Task goal> Your job with the data below: print everything from the line that holds "B&B De Zandhoef" down to the line that holds "幼儿对多种材料和工具进行操作", ends included, exactly, and nothing else.

Information given>
───

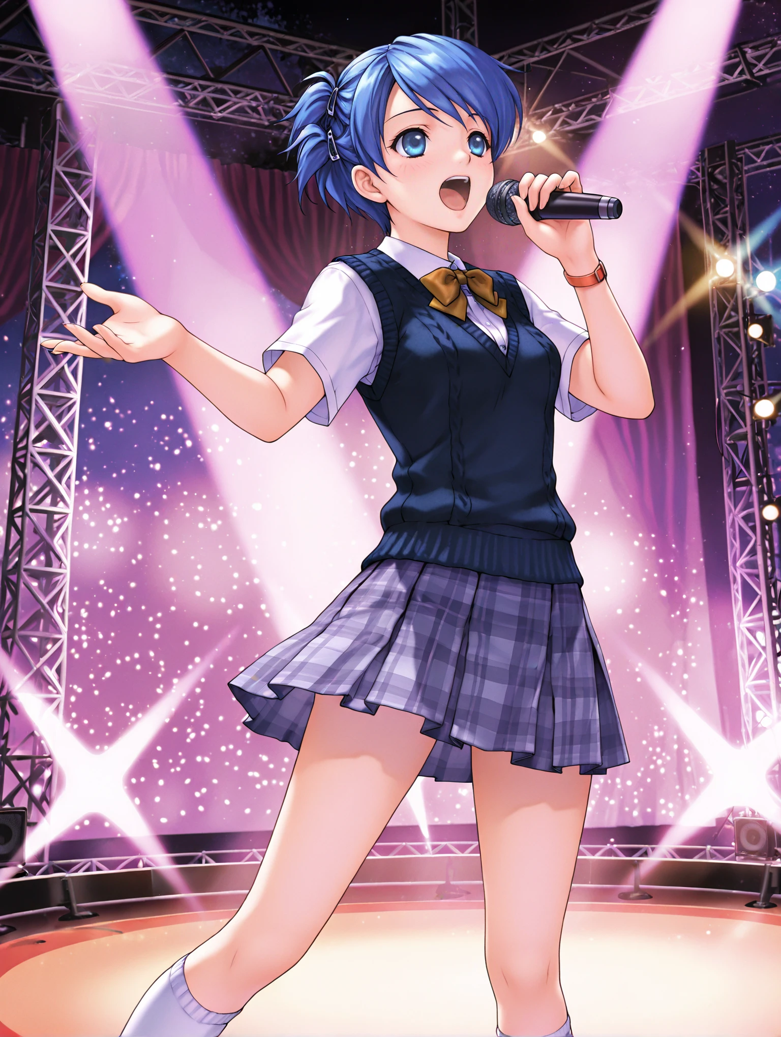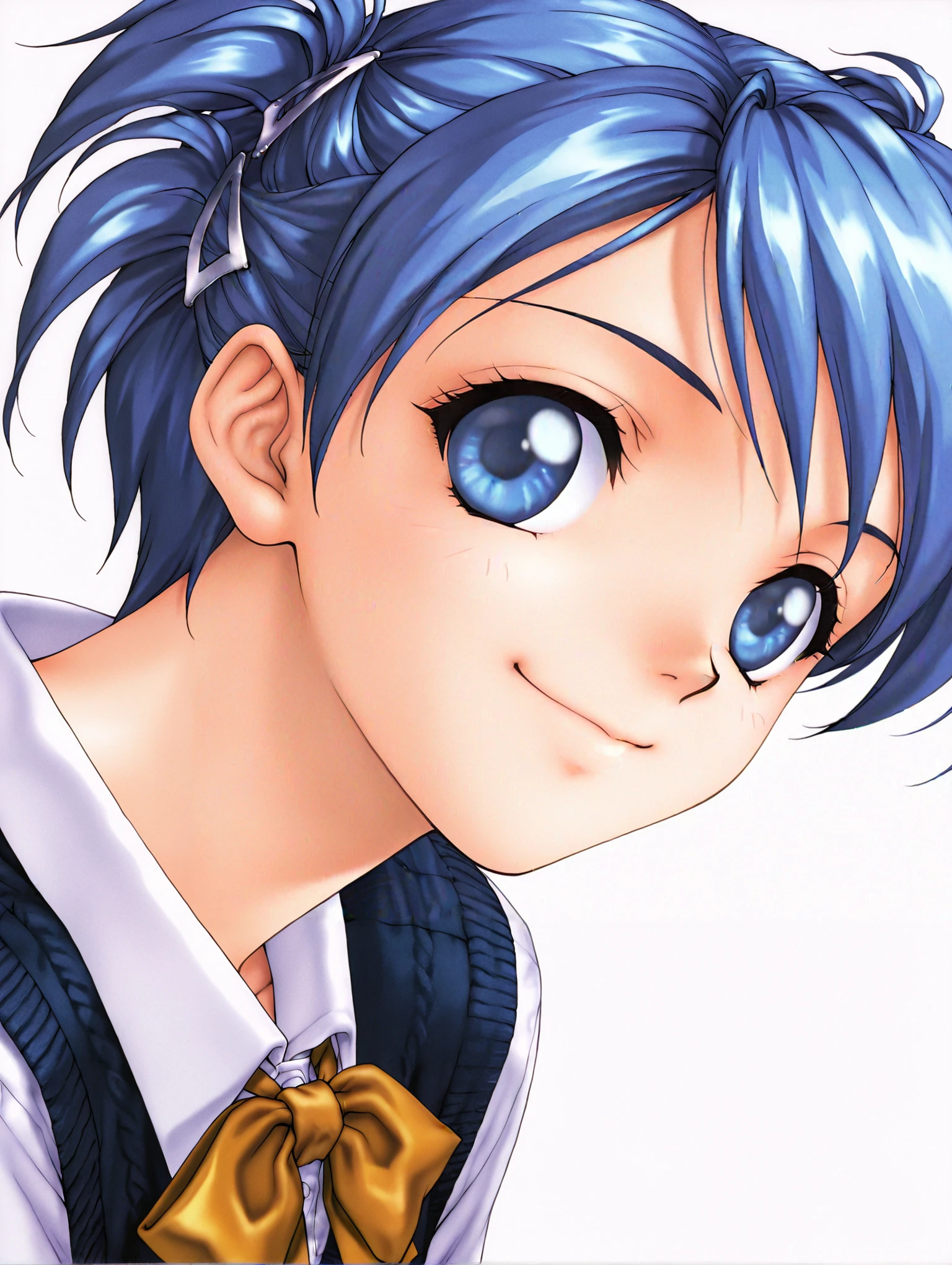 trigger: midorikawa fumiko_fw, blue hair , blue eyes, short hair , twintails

───

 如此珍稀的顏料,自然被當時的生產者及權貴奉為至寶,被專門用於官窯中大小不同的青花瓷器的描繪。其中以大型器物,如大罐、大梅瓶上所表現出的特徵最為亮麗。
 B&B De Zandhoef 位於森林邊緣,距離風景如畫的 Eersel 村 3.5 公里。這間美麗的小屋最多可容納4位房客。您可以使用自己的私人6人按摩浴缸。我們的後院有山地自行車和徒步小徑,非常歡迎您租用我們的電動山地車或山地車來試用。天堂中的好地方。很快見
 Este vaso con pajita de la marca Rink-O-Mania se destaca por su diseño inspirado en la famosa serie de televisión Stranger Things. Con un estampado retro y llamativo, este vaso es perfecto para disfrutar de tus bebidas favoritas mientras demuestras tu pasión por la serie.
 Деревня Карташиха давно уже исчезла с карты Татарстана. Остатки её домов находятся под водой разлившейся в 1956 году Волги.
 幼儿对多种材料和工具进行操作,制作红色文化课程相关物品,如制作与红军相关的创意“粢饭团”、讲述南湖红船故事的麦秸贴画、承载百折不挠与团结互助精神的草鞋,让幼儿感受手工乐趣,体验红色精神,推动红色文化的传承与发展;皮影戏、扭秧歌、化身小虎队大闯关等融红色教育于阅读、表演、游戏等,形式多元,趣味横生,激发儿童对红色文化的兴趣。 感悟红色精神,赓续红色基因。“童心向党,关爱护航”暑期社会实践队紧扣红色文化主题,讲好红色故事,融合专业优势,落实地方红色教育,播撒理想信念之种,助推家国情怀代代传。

───

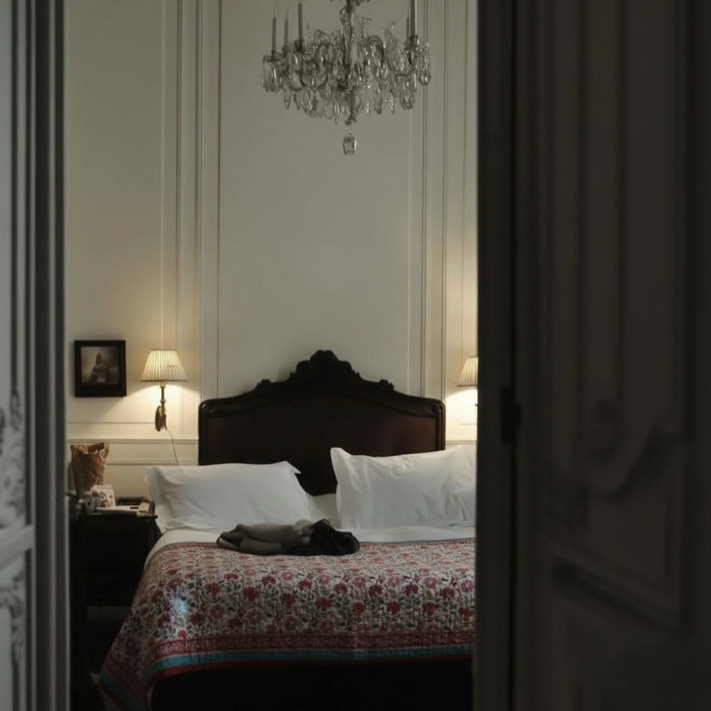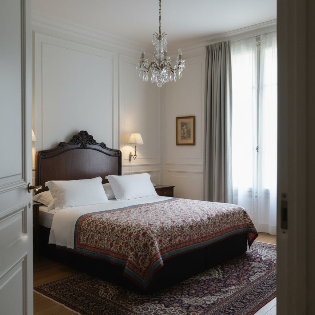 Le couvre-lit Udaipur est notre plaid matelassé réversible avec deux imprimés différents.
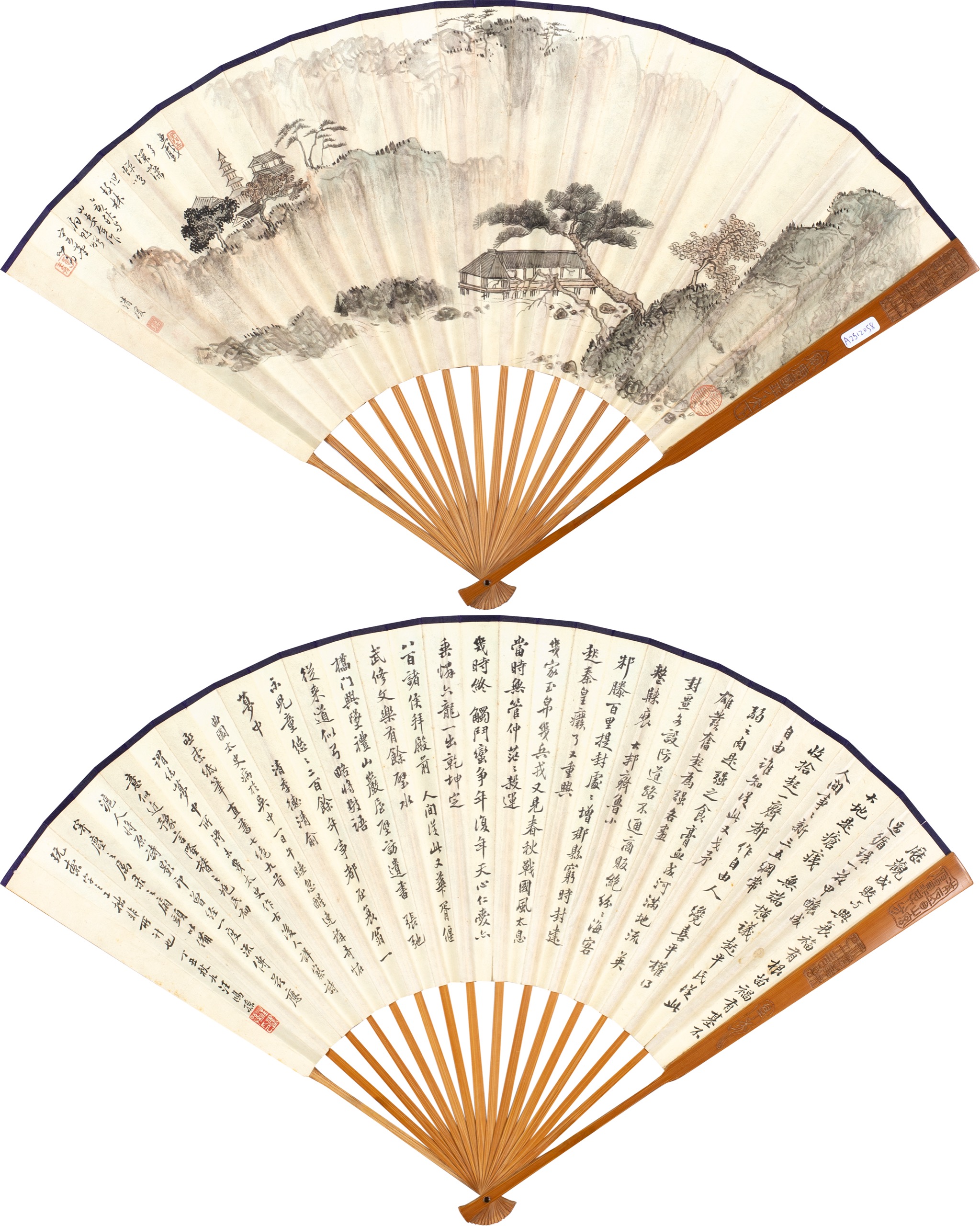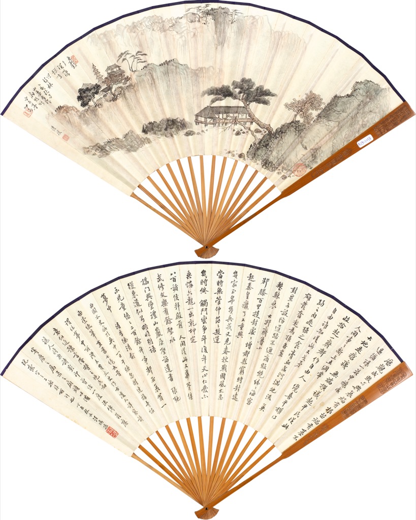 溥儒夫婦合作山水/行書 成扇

───

Exercise response>
 B&B De Zandhoef 位於森林邊緣,距離風景如畫的 Eersel 村 3.5 公里。這間美麗的小屋最多可容納4位房客。您可以使用自己的私人6人按摩浴缸。我們的後院有山地自行車和徒步小徑,非常歡迎您租用我們的電動山地車或山地車來試用。天堂中的好地方。很快見
 Este vaso con pajita de la marca Rink-O-Mania se destaca por su diseño inspirado en la famosa serie de televisión Stranger Things. Con un estampado retro y llamativo, este vaso es perfecto para disfrutar de tus bebidas favoritas mientras demuestras tu pasión por la serie.
 Деревня Карташиха давно уже исчезла с карты Татарстана. Остатки её домов находятся под водой разлившейся в 1956 году Волги.
 幼儿对多种材料和工具进行操作,制作红色文化课程相关物品,如制作与红军相关的创意“粢饭团”、讲述南湖红船故事的麦秸贴画、承载百折不挠与团结互助精神的草鞋,让幼儿感受手工乐趣,体验红色精神,推动红色文化的传承与发展;皮影戏、扭秧歌、化身小虎队大闯关等融红色教育于阅读、表演、游戏等,形式多元,趣味横生,激发儿童对红色文化的兴趣。 感悟红色精神,赓续红色基因。“童心向党,关爱护航”暑期社会实践队紧扣红色文化主题,讲好红色故事,融合专业优势,落实地方红色教育,播撒理想信念之种,助推家国情怀代代传。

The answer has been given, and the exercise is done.